What you need to do: The reply should contain all the data below, repeated exactly, and none of the images.
── Data block
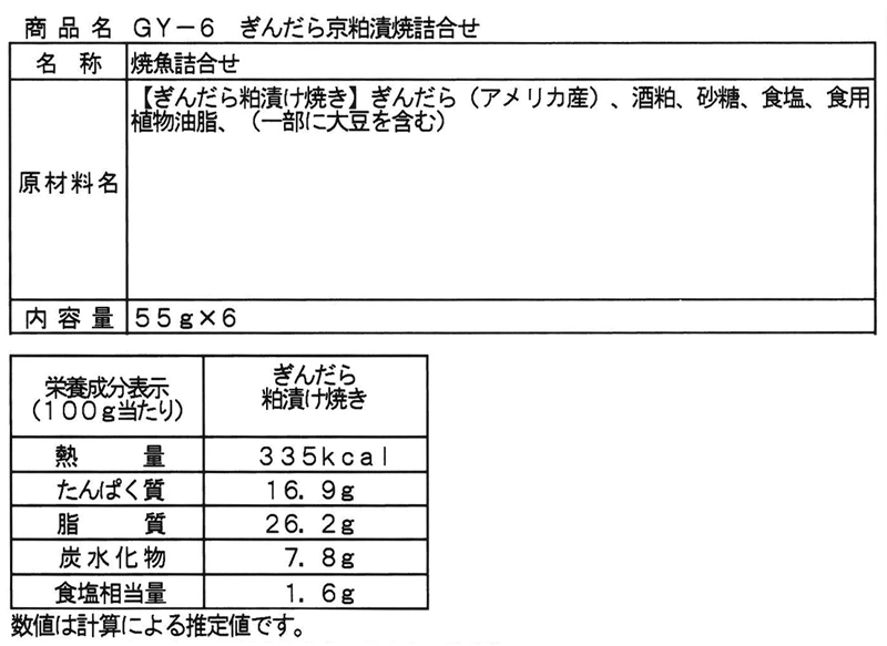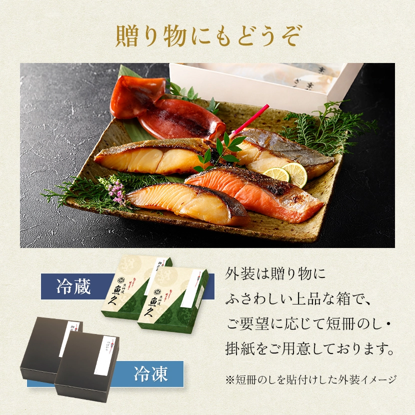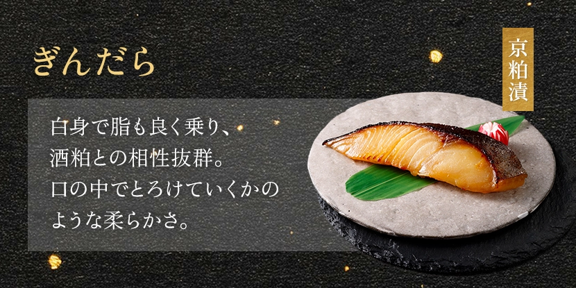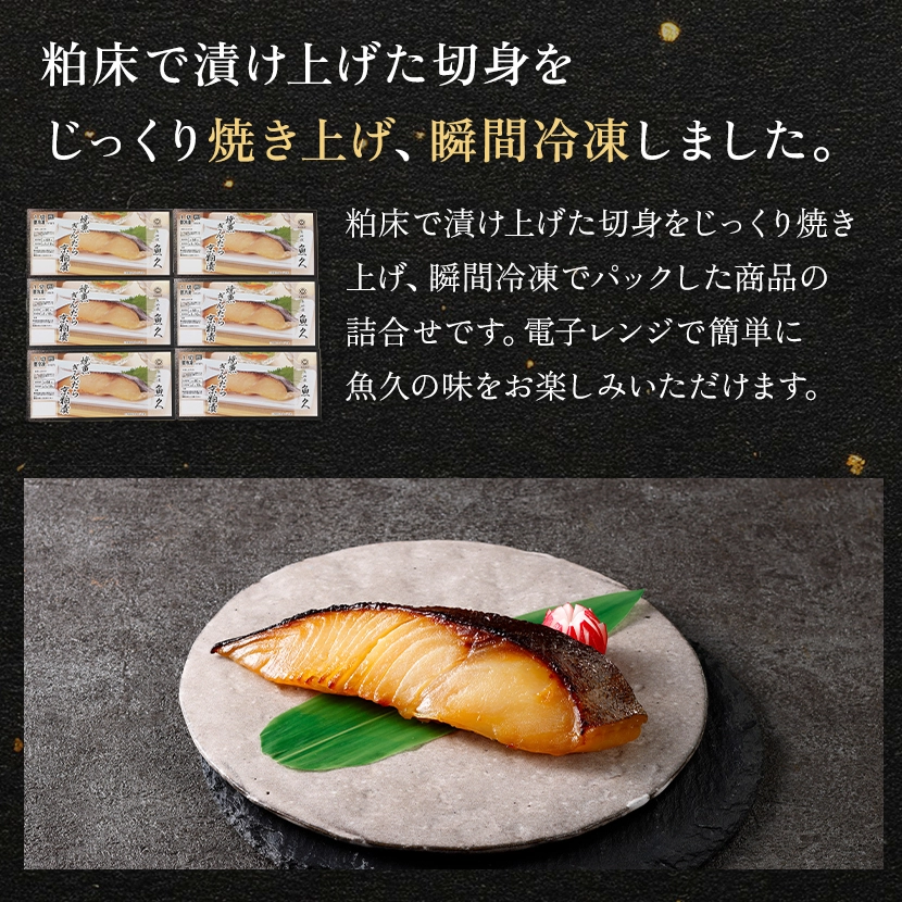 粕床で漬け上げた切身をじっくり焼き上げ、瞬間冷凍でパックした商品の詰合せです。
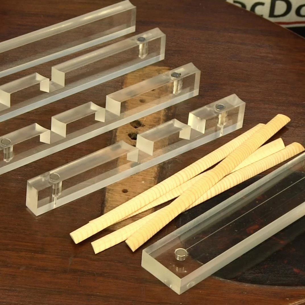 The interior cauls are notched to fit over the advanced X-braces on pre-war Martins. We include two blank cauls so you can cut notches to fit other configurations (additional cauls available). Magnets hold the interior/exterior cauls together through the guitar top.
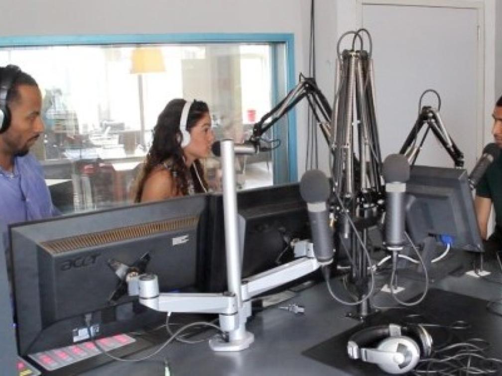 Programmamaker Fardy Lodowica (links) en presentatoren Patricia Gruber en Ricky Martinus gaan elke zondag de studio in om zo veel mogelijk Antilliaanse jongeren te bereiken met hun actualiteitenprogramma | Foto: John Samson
────
Written reply:
 粕床で漬け上げた切身をじっくり焼き上げ、瞬間冷凍でパックした商品の詰合せです。
 The interior cauls are notched to fit over the advanced X-braces on pre-war Martins. We include two blank cauls so you can cut notches to fit other configurations (additional cauls available). Magnets hold the interior/exterior cauls together through the guitar top.
 Programmamaker Fardy Lodowica (links) en presentatoren Patricia Gruber en Ricky Martinus gaan elke zondag de studio in om zo veel mogelijk Antilliaanse jongeren te bereiken met hun actualiteitenprogramma | Foto: John Samson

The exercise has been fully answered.